YOUR GOAL ▸
From the data below, return only the lines from the one with "四、重温入党誓词,面对鲜红的党旗,举起右拳宣誓。" through the one with "Gobelínový obrus a", exact and inclusive, with pictures left out.

MATERIAL SHOWN ▸

------------------------------------

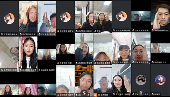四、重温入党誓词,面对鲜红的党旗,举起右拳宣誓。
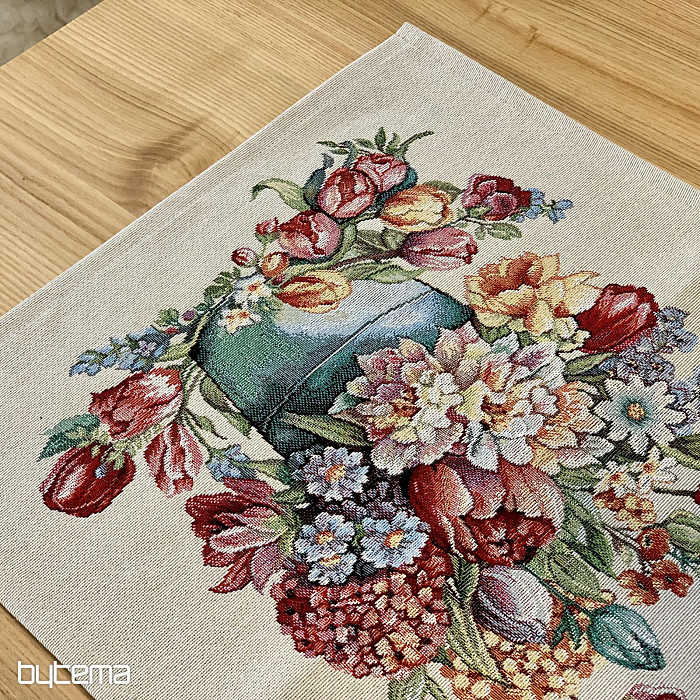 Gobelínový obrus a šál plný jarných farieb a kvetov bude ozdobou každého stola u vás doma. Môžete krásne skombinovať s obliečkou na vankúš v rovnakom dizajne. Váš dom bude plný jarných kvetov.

------------------------------------

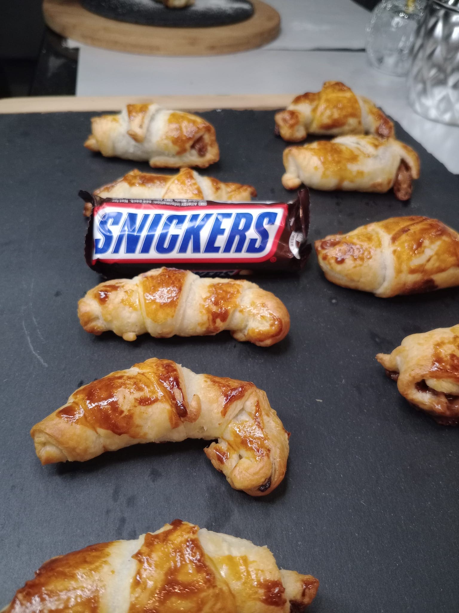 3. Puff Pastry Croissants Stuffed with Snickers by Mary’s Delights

------------------------------------

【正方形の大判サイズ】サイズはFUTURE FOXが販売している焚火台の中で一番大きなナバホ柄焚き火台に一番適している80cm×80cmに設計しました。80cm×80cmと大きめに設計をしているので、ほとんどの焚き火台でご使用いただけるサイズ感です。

------------------------------------

TASK OUTPUT ▸
四、重温入党誓词,面对鲜红的党旗,举起右拳宣誓。
 Gobelínový obrus a šál plný jarných farieb a kvetov bude ozdobou každého stola u vás doma. Môžete krásne skombinovať s obliečkou na vankúš v rovnakom dizajne. Váš dom bude plný jarných kvetov.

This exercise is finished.